▸ **Your task**: When you copy from the entries that follow, take only the lines from the one with "Real Forget Me" down to the one with "Fototapeta premium Brindle", keeping both ends and dropping every picture.

[[ Source data, beginning ]]

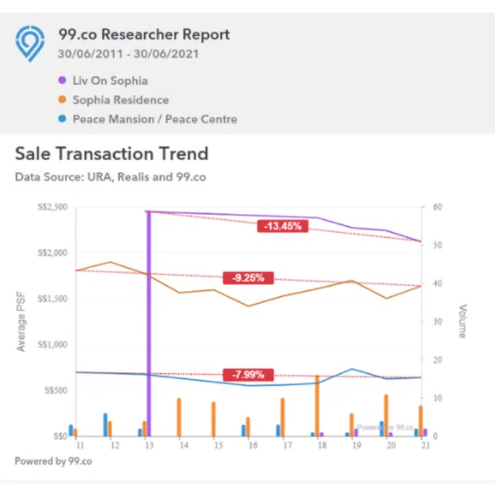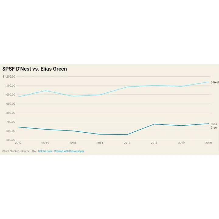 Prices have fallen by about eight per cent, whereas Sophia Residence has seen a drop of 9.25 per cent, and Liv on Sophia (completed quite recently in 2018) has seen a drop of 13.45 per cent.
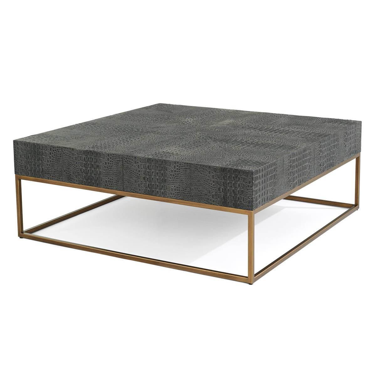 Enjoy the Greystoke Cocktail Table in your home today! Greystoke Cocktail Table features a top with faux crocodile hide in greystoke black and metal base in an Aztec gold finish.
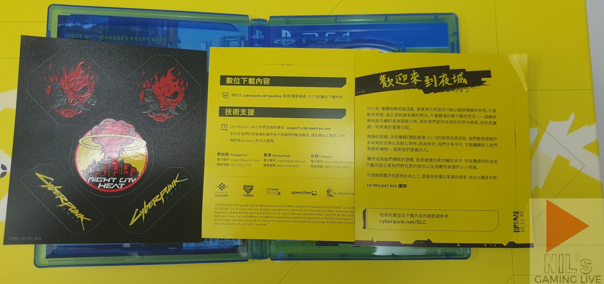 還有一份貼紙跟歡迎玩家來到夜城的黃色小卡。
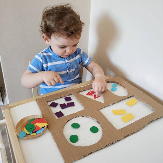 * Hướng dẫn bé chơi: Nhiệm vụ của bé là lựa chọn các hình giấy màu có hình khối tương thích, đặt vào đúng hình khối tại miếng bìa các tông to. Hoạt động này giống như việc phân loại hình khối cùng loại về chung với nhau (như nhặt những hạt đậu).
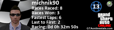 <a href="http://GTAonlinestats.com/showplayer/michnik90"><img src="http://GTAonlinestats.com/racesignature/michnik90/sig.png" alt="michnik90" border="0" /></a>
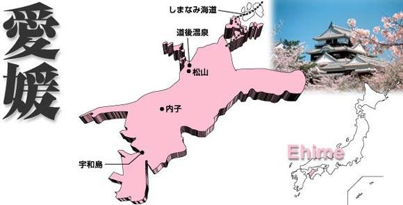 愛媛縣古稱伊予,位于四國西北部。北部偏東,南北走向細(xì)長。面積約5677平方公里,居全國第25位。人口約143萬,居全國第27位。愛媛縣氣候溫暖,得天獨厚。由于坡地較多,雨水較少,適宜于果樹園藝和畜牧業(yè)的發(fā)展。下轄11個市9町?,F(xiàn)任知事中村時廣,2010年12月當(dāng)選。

[[ Source data, end ]]
[[ Source data, beginning ]]

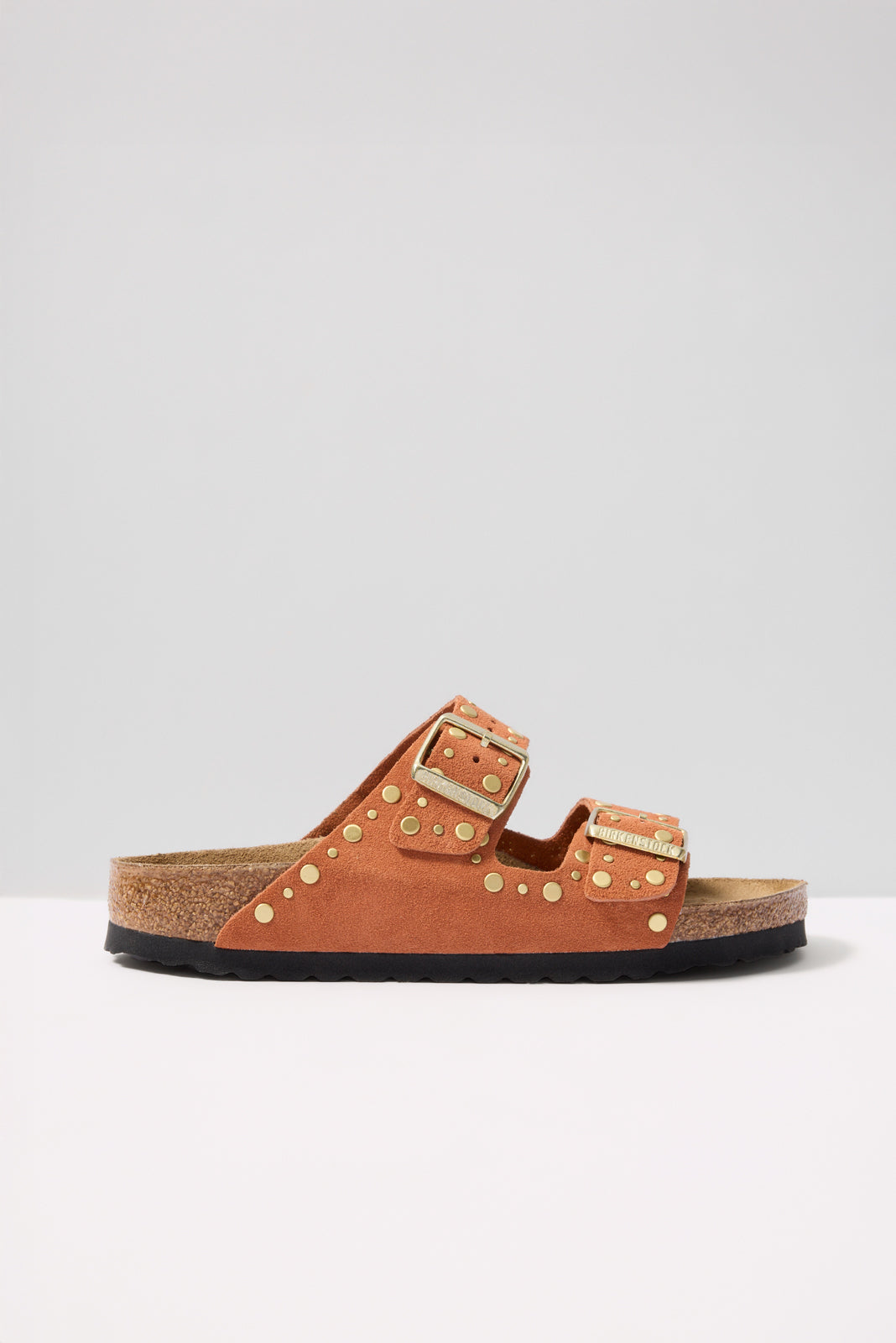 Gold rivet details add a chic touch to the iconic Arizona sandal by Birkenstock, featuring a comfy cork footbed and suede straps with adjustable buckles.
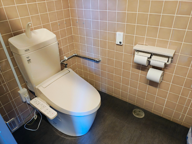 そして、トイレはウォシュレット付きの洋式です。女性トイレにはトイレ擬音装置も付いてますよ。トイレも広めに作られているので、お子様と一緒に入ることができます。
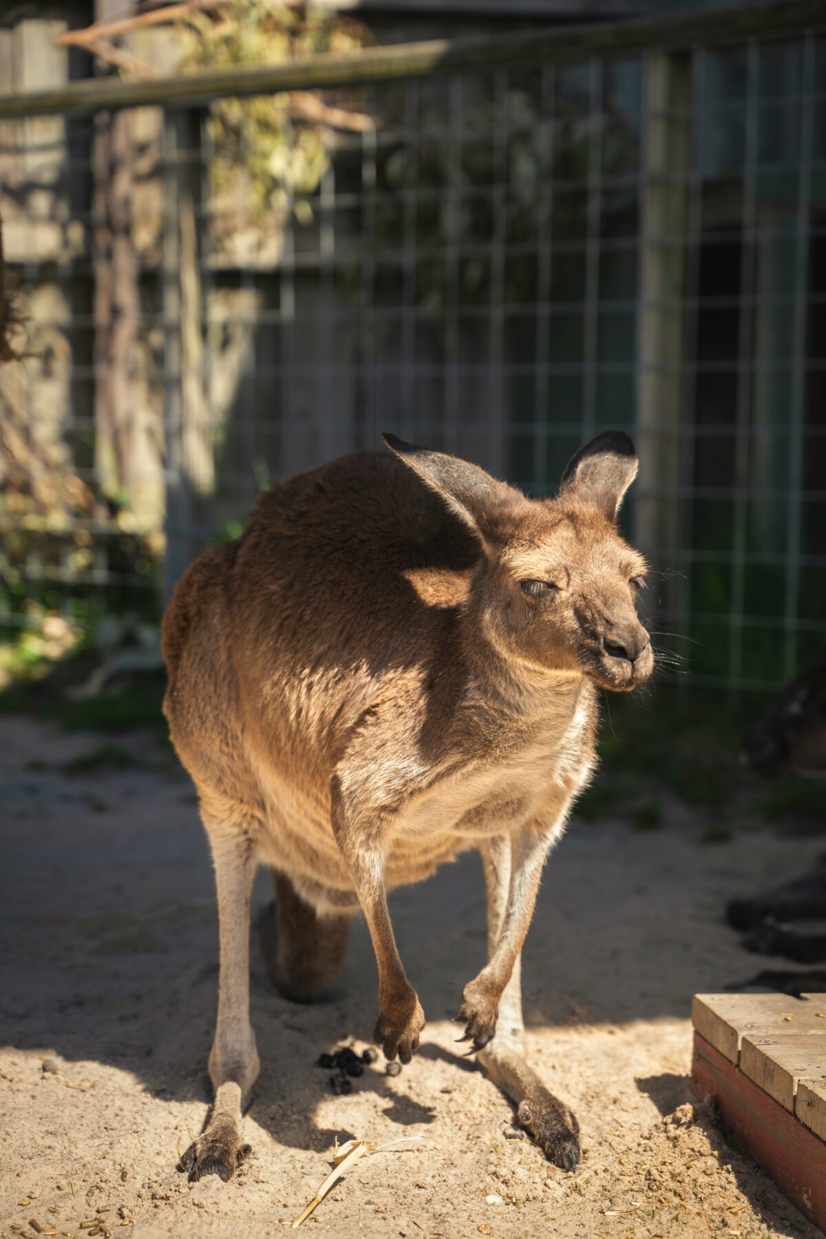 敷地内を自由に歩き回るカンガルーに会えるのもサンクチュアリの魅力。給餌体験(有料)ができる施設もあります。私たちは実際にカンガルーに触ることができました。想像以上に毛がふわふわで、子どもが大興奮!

[[ Source data, end ]]
[[ Source data, beginning ]]

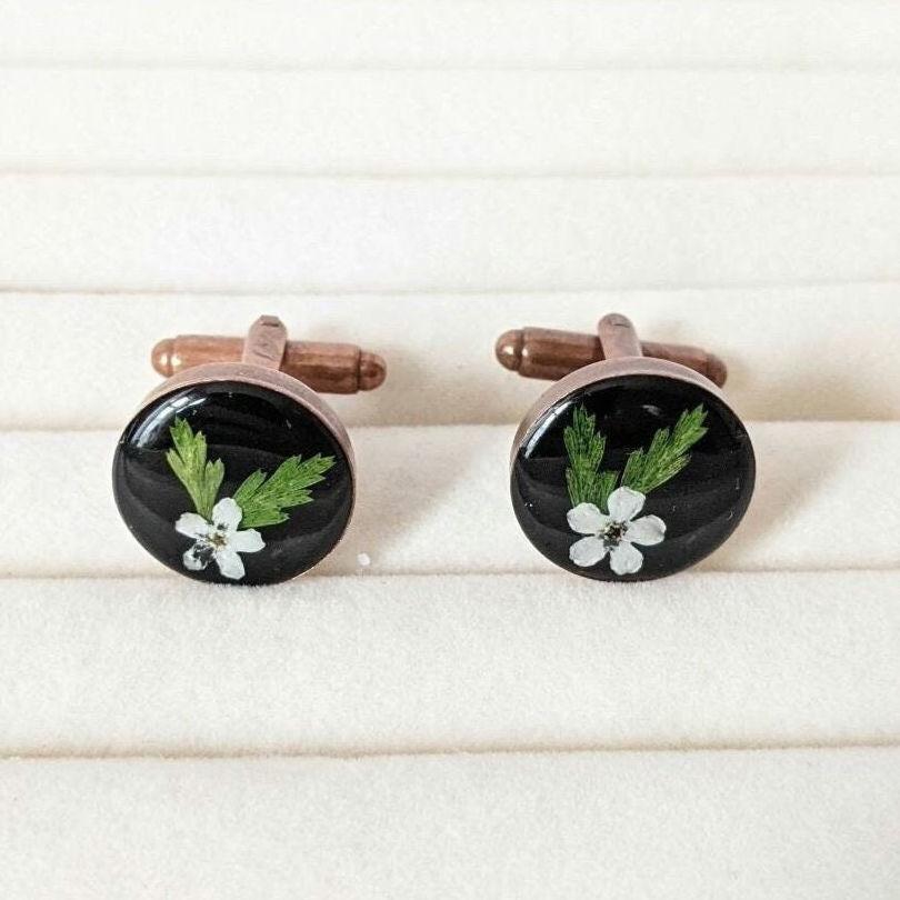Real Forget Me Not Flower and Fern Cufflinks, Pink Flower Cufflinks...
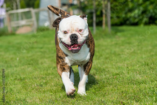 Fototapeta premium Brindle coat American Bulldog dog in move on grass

[[ Source data, end ]]

▸ **Your response**:
Real Forget Me Not Flower and Fern Cufflinks, Pink Flower Cufflinks...
 Fototapeta premium Brindle coat American Bulldog dog in move on grass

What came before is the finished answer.